La France malade ne traite pas du conflit israélo-palestinien. Mieux, ce livre parle de l’influence alarmante qu’exerce le lobby d’Israel national sur la politique française et la société française en général. L’auteur déclare que l’on peut critiquer tous les gouvernements du monde (on peut attaquer sans merci le président français au pouvoir), mais pas celui d’Israël.
 


Après 2001, le PS a subi des pressions pour l’excommunier. Deux groupes de presse régionaux ont cessé de publier ses articles. Il y a eu des tentatives de discréditer son association – l’Institut de Relations Internationales et Stratégiques (IRIS) – et de le faire renvoyer. Il a été traité d’antisémite.


Au sommet des associations juives françaises se trouve le Conseil Représentatif des Institutions Juives de France. La préoccupation dominante officielle du CRIF est la lutte contre l’antisémitisme. Lors de son dîner annuel, son président cite le chiffre total des incidents antisémites enregistrés dans l’année, admonestant les élites politiques qui y assistent (‘la présence de ministres rivalise avec celle du 14 juillet’) et qui n’osent pas répliquer.


Il est vrai que les événements antisémites sont récurrents, et l’on a pu noter une progression de ceux-ci pendant plusieurs années au début des années 2000. Le Premier ministre Lionel Jospin fut accusé de ne pas mettre un frein aux fauteurs de troubles (comprendre : les Arabes et les Musulmans) issus des banlieues. Les Socialistes ont été chassés du pouvoir en 2002 et le CRIF est devenu un énergique défenseur et soutien de l’intransigeance du nouveau ministre de l’Intérieur envers les troubles civils.

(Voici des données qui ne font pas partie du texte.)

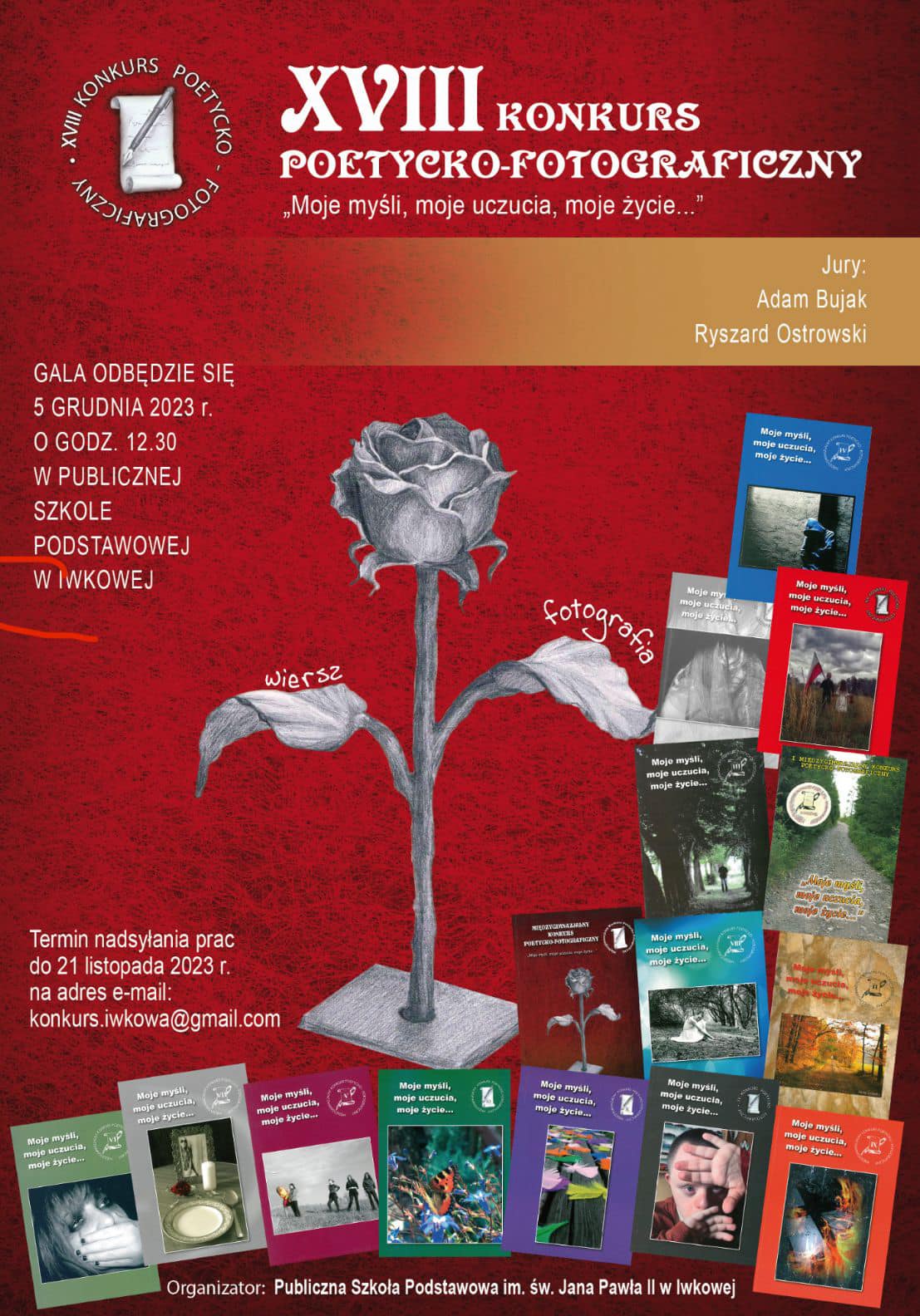 We wtorek 5 grudnia w Szkole Podstawowej im. Jana Pawła II w Iwkowej odbyła się gala podsumowująca XVIII Konkurs Poetycko-Fotograficzny pt. „Moje myśli, moje uczucia, moje życie…”. Z dumą informujemy, że dwoje uczniów naszej szkoły: Aleksandra Rabjasz z klasy VII oraz Arkadiusz Wąs z klasy V, decyzją jury otrzymało wyróżnienia w tym konkursie.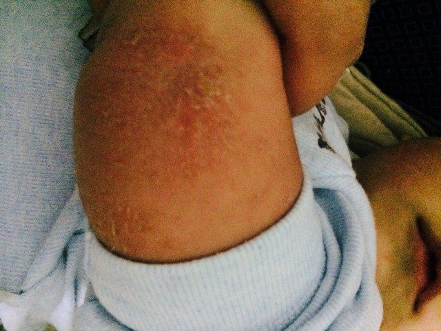 请大家帮我看一下宝宝手臂上是怎么了 可能很痒 宝宝晚上都睡不好觉 亲们 帮帮忙 有什么方法么?

Mais Jospin était « coupable » de bien plus. L’un des plus ardents supporteurs socialistes d’Israël, Jospin s’est rendu en Israël et dans les Territoires Occupés en 1999. Ayant pu se faire idée de visu, le soutien que son gouvernement accordait à Israël sous le régime de Sharon est devenu moins ardent. Pour le CRIF, si la position de la France n’est pas pro-israélienne à au moins 100%, alors les Juifs français courent un plus grand danger. C’est pourquoi le CRIF maintient comme impératif d’influencer à la fois la politique étrangère et la politique intérieure. Après les meurtres de trois enfants et d’un adulte juifs (parmi d’autres) perpétrés par Mohammed Merah dans une école toulousaine en 2012, le CRIF en fit encore porter la responsabilité à Jospin. Ainsi que Boniface le fait remarquer, le CRIF tente perpétuellement d’influencer la politique française mais se garde bien d’influencer la politique d’Israël.


Lorsque l’éditeur du livre de 2003 de Boniface rejeta son dernier projet (prévu à l’origine comme une édition révisée du premier livre), l’excuse invoquée fut que celui-ci était bourré de statistiques. Il y avait effectivement des statistiques (encouragées par l’engouement français pour les enquêtes d’opinion et les sondages), et elles étayent la cause défendue par l’auteur.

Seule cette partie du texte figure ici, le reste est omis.